The above issues are only half the problem. The other half is the confusion arising from the fact that there is not one NRA process but many and they confuse not only the principal investigators but the peer reviewers and NASA implementers overseeing them. The pyramid of Figure 6 is a gross simplification. In effect, there are 9 separate solicitation mechanisms that lead to overlapping and conflicting experiments: NASA Flight NRAs; NSBRI Flight NRAs; CEVP Flight NRAs; NASA Ground NRAs; NSBRI Ground NRAs; CEVP Ground NRAs; SMOs; grants and unsoliticited proposals. In theory, these processes are somehow woven together, in fact they are anything but.
Page 20
CPR.
The Critical Path Roadmap drives the direction and quality of the NRAs but it is flawed. In principal, this document attempts to meet the goals of the Young Commission by means of risk reduction, mitigation, and management.
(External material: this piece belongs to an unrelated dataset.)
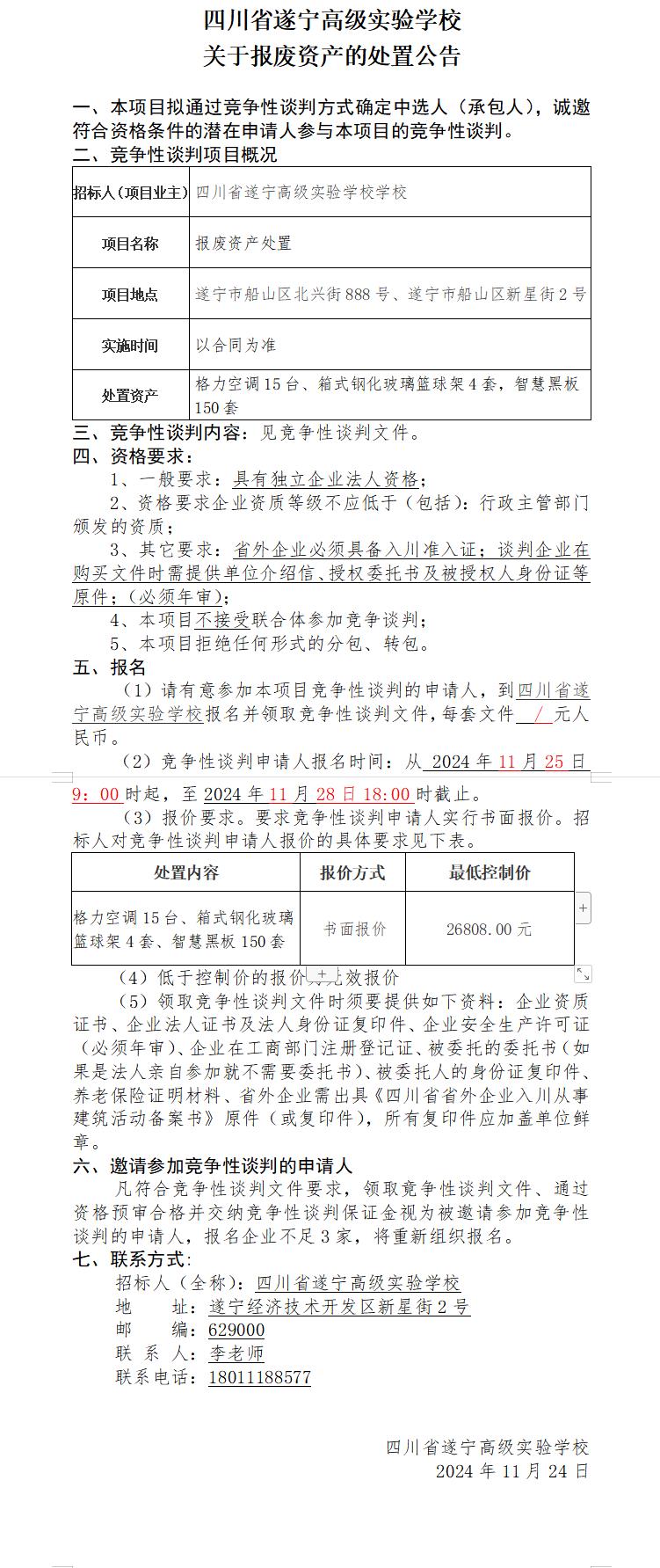 四川省遂寧高級(jí)實(shí)驗(yàn)學(xué)校 關(guān)于報(bào)廢資產(chǎn)的處置公告

In practice its reach far exceeds its grasp. Like a computer model of a complex system, its fidelity rests on the strength of its underlying assumptions and its inputs. By carving the human body into 12 distinct disciplines, none of which are really interconnected, the CPR attempts to do too much. Since the body is a complex system in which every subsystem depends on every other one, the CPR ought follow the same philosophy. It does not. The CPR fails because it assumes that the PIs answering the fundamental questions in a particular discipline will be able to cull out the cross-disciplinary effects from other disciplines. In fact, data sharing hurdles thrown in its path by astronaut privacy restrictions and other obstacles negate this assumption. The CPR is supposed to be a “living document” but there’s not enough resources, human or otherwise, to change it fast enough to reflect program changes. The conundrum of the CPR can best be appreciated by the following anecdote. A PI team proposing a cardiovascular experiment was told they would have to downscale their study because cardiomyopathy addressed Critical Questions 3.06 and 3.18 under Critical Risks 13 and 14 of the CPR. This was of lesser importance (yellow and green) than the arrhythmia portion of their experiment which addressed Critical Question 3.01 of Critical Risk 13 (Red). Their response to this was that “we are cardiologists who’ve been doing this for decades and we believe arrythmias are caused by cardiomyopathy. The CPR is wrong,”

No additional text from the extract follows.